- _WHAT TO PRODUCE_: Omit the pictures and return exactly the stretch of the material below from the line with "Á Búnaðarþingi lét" through the line with "VITVITI 4 Pack".

- _SUPPLIED ENTRIES_:

....................

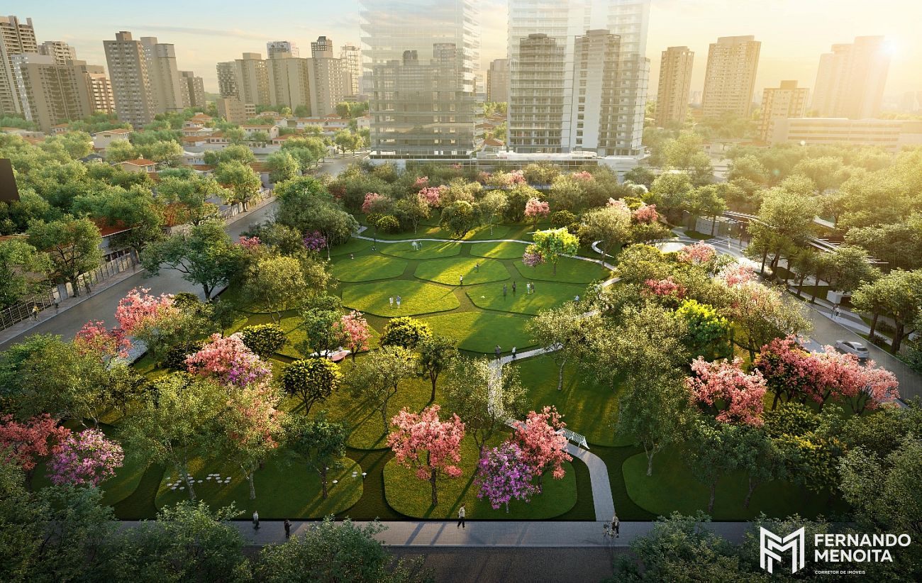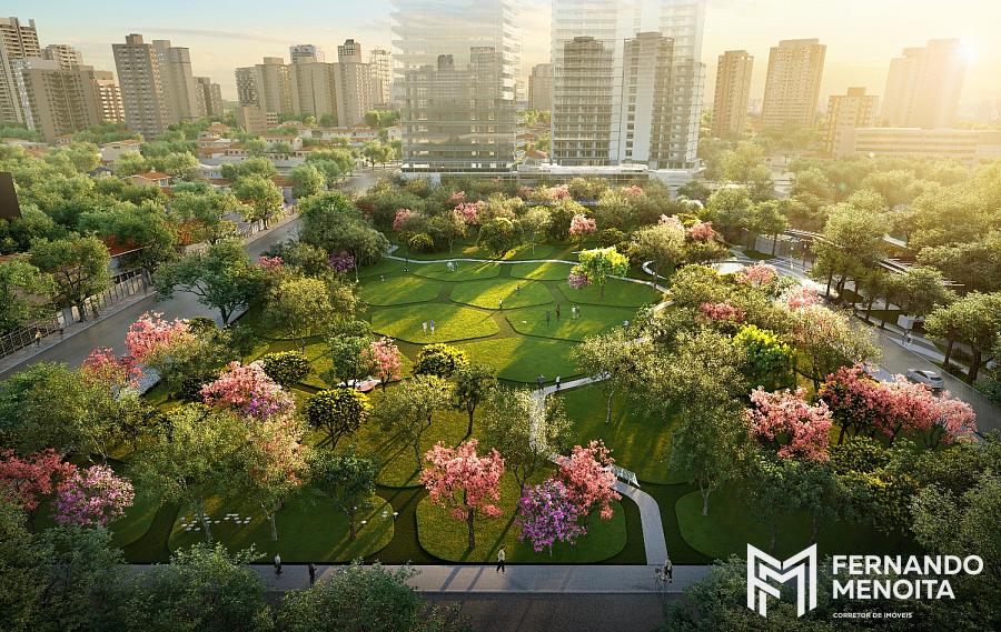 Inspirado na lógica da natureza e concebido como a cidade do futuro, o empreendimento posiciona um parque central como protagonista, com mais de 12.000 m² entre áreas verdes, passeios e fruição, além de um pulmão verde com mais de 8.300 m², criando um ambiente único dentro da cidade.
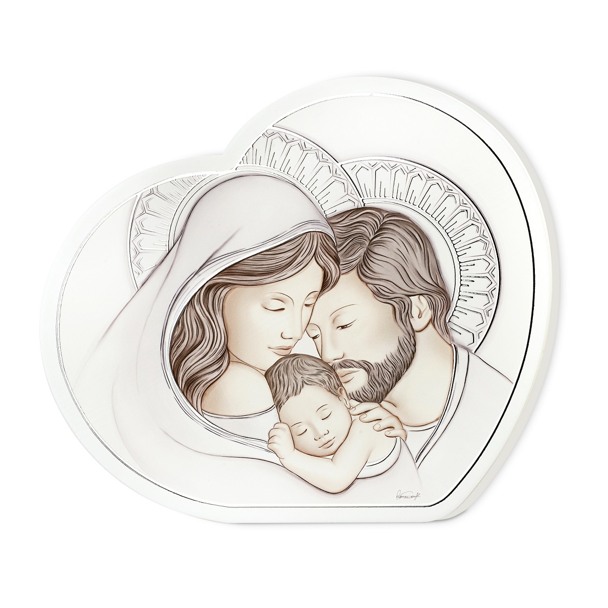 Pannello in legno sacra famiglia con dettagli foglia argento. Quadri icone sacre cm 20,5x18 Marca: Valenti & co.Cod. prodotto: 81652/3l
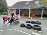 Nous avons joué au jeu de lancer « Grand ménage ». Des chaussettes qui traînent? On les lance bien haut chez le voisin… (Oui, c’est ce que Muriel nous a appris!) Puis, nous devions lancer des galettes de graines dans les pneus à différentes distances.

....................

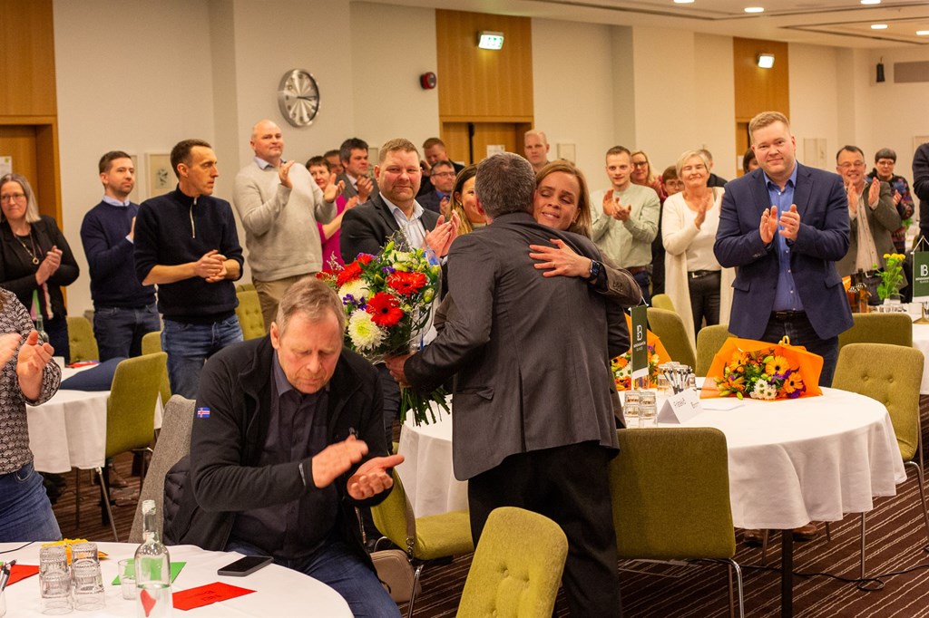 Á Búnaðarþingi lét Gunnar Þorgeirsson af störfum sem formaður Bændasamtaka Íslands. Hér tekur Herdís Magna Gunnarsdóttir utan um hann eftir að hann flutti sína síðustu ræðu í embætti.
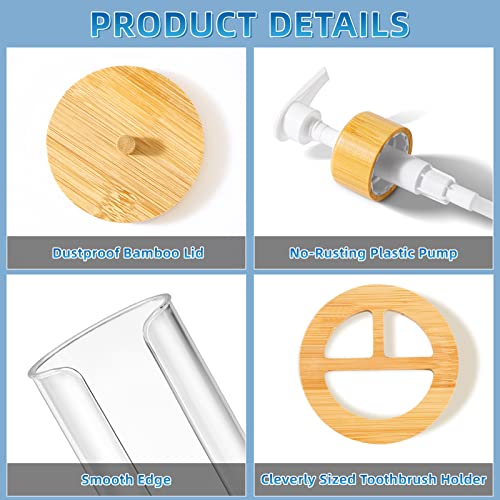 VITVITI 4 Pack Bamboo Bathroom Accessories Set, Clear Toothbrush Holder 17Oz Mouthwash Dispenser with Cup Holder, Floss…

....................

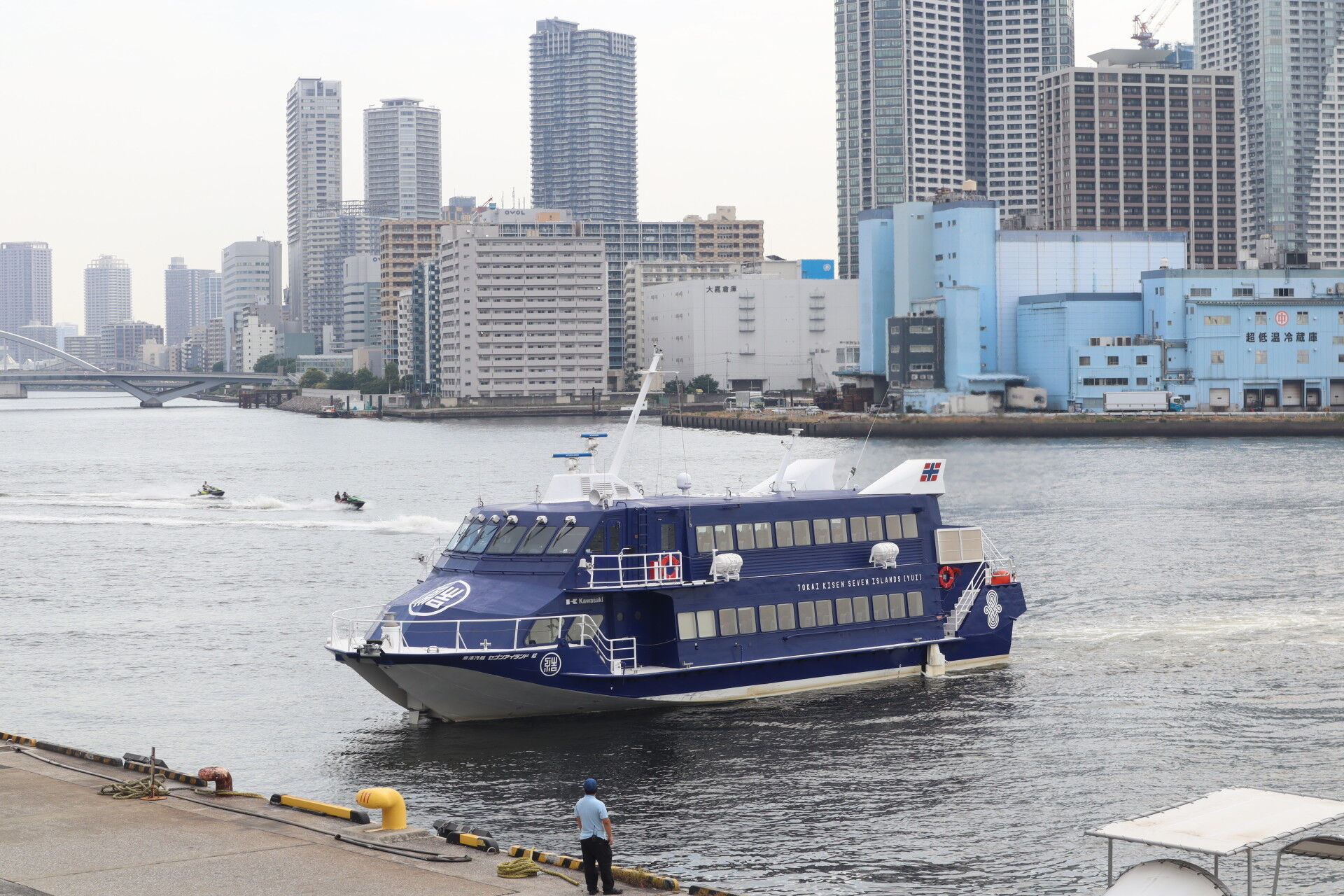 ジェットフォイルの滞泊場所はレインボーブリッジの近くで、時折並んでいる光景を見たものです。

....................

- _TASK RESPONSE_:
 Á Búnaðarþingi lét Gunnar Þorgeirsson af störfum sem formaður Bændasamtaka Íslands. Hér tekur Herdís Magna Gunnarsdóttir utan um hann eftir að hann flutti sína síðustu ræðu í embætti.
 VITVITI 4 Pack Bamboo Bathroom Accessories Set, Clear Toothbrush Holder 17Oz Mouthwash Dispenser with Cup Holder, Floss…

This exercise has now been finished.